Jonathan Stempel
Feb 13 (Reuters) – Costco faces a new lawsuit over its grilled chicken after an animal rights nonprofit claimed the retailer’s chicken processing plant in Nebraska was contaminated with salmonella.
The proposed class action lawsuit filed Thursday cites a December study by Farm Forward that criticized safety conditions at Costco’s Lincoln Prime poultry plant, which opened in 2019 and can process more than 100 million chickens annually.
According to the complaint, the Fremont, Nebraska, plant “consistently” failed to meet USDA safety standards, with more than 9.8% of whole chickens and 15.4% of chicken parts testing positive for salmonella contamination.
Costco’s Kirkland Signature grilled chicken, which sells for $4.99, has long been viewed as a money-losing product to lure shoppers into the Issaquah, Wash.-based company’s warehouse stores.
Costco said at its annual meeting last month that global sales of roasted chickens will exceed 157 million by 2025.
“Costco’s failure to control salmonella in its chicken supply was not a harmless technical issue, it posed a real danger to consumers and violated their trust,” the complaint states.
Neither Costco nor the Lincoln plant immediately responded to requests for comment Friday. Lincoln was not the defendant.
Plaintiff Lisa Taylor of Afton, Mo., said in a lawsuit filed in federal court in Seattle that she typically buys one or two rotisserie chickens each month at Costco warehouses in the St.
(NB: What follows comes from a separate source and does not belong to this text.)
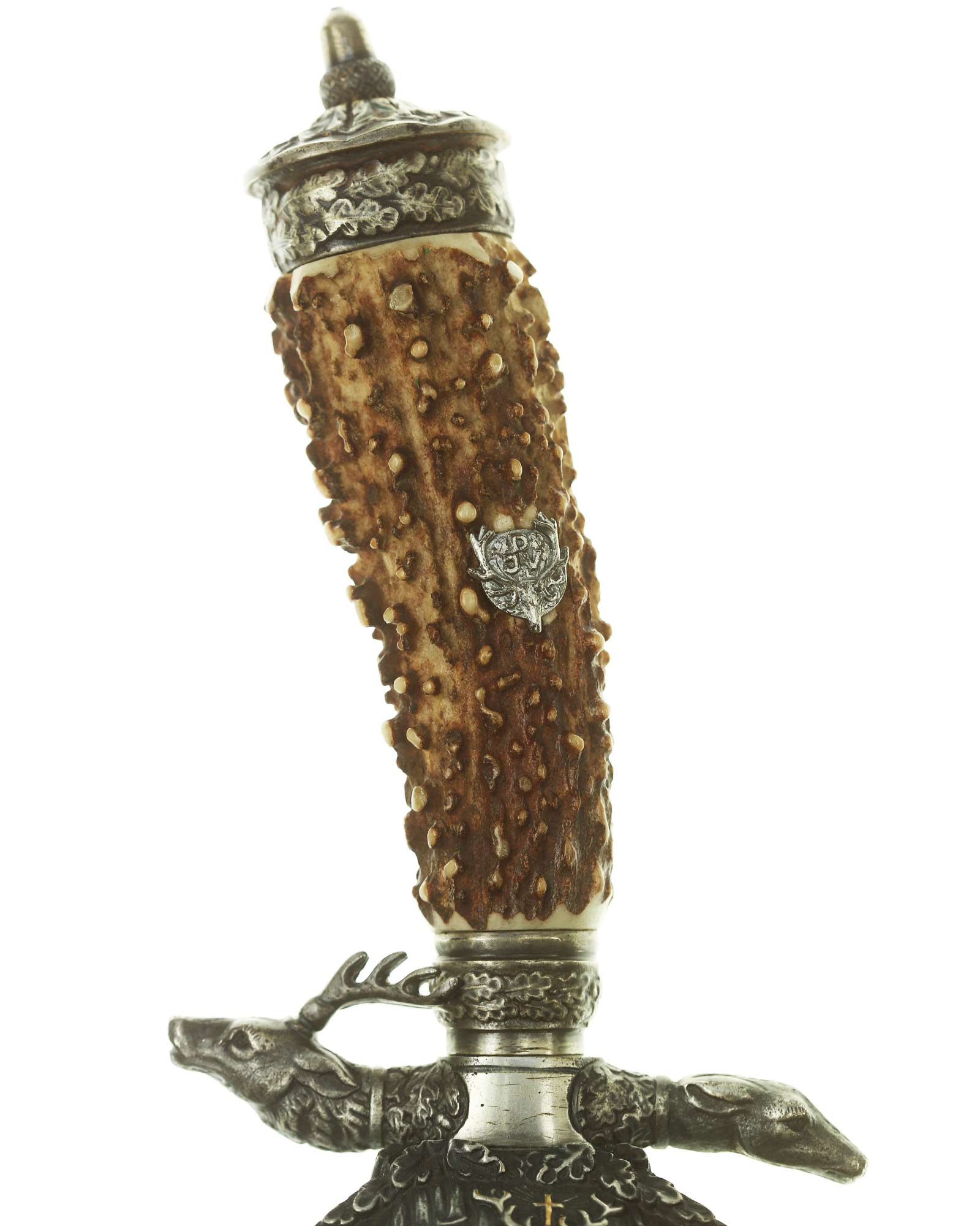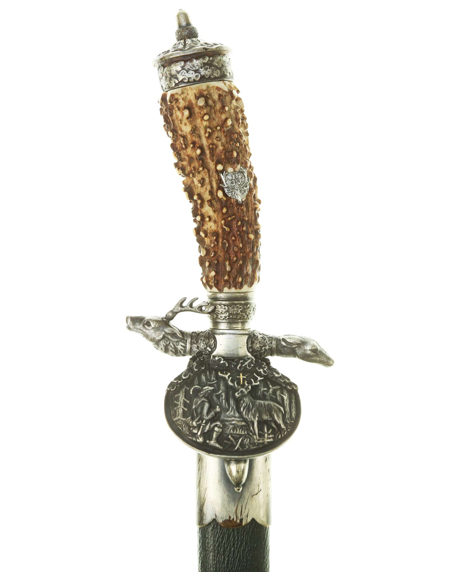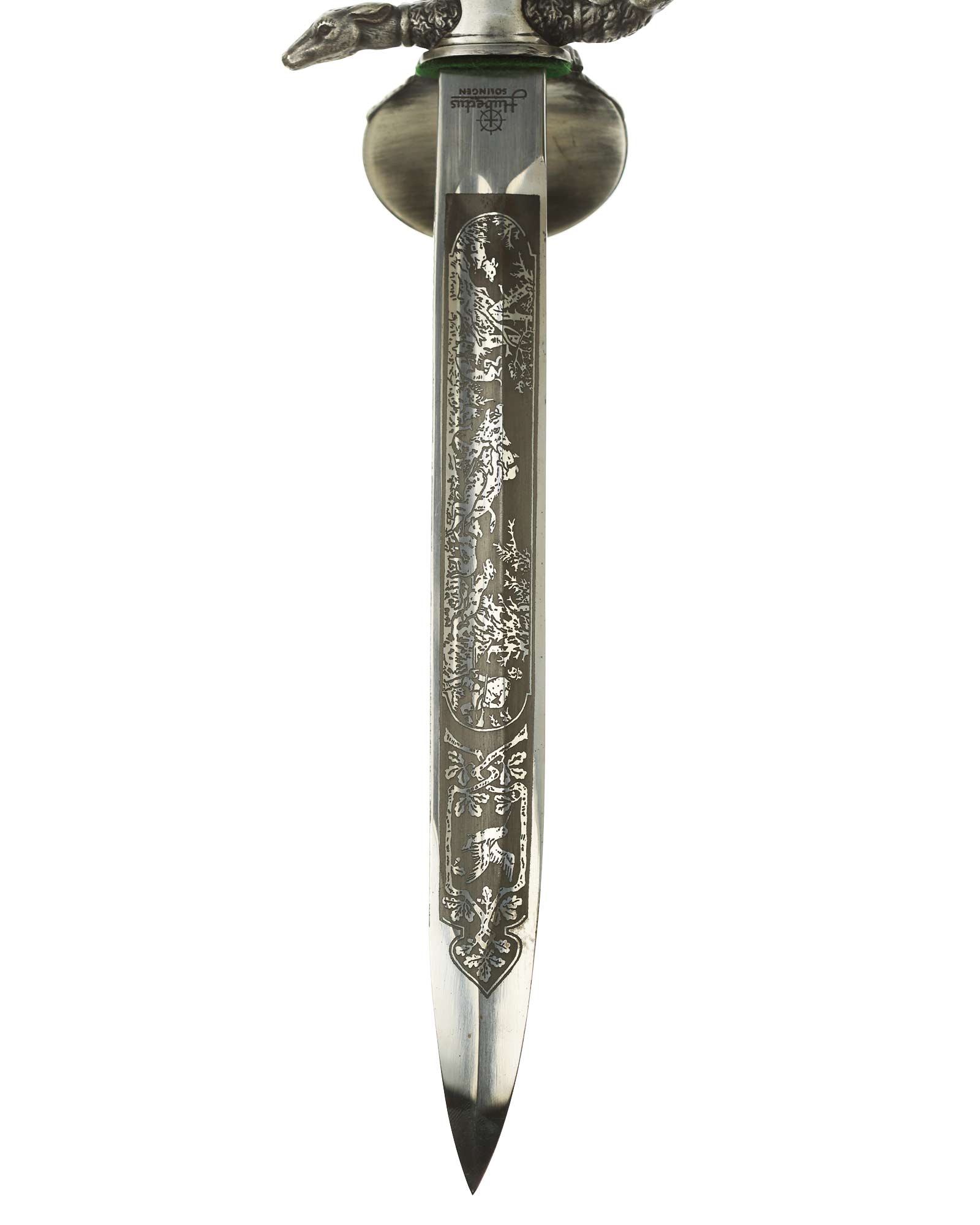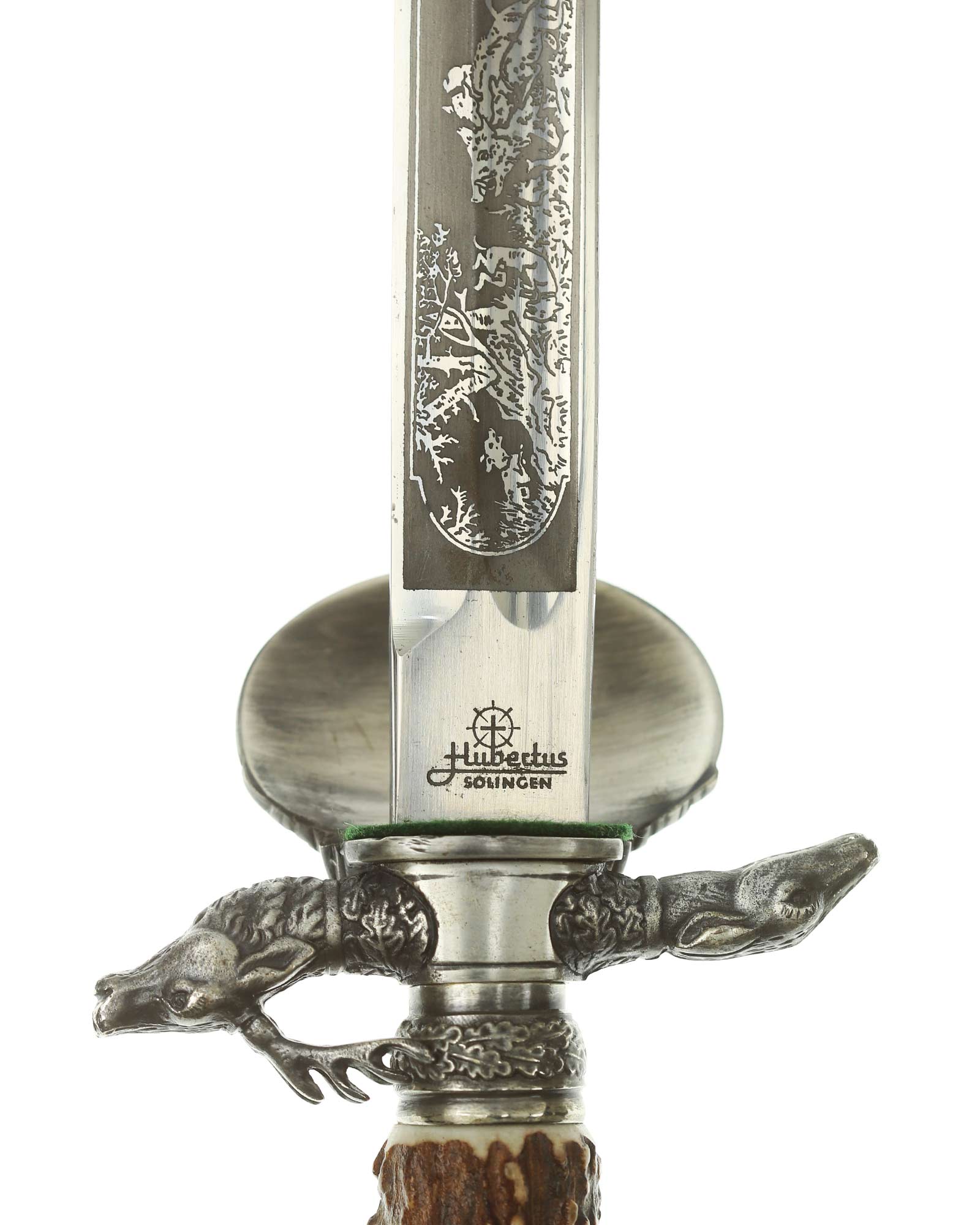 Кинжал охотничий Хиршфангер с футляром и производителем Hubertus Solingen (ранее Kuno Ritter Solingen). Рукоять роговая, крепится на черенке клинка всадным способом. Навершие рукояти стальное, овальной формы, плоское, с декоративным винтом. Перекрестье рукояти стальное, направленных в разные стороны. В центре перекрестья с одной стороны закреплен декоративный щитик, выполненный в форме раковины. Клинок стальной, прямой, двухлезвийный, ромбического сечения, без долов, у пяты плоский, с двух сторон богато украшен травлением со сценами охоты на кабана и оленя. На пяте клинка с обратной стороны имеется клеймо фирмы - Hubertus Solingen, характерное для продукции. Обух клинка практически на всю длинну украшен орнаментом из дубовых листьев и именем бывшего владельца. Ножны деревянные, обтянуты темной кожей, со стальным прибором, состоящим из устья со шпеньком в виде желудя и наконечника.

Louis area and believes she overpaid because Costco failed to disclose contamination risks.
She is seeking treble damages for shoppers who bought Kirkland Signature rotisserie chicken and raw chicken parts since Jan. 1, 2019, saying Costco violated Washington consumer protection laws and breached its implied promise that its chicken was safe to eat.
The case follows another proposed class action lawsuit filed last month in San Diego federal court, which said Costco falsely advertised that its rotisserie chickens contained no preservatives, even though they contained carrageenan and sodium phosphate.
Founded in 2007, Farm Forward says its mission is to “end factory farming by transforming agriculture, changing policy, and changing the story we tell about animal agriculture.”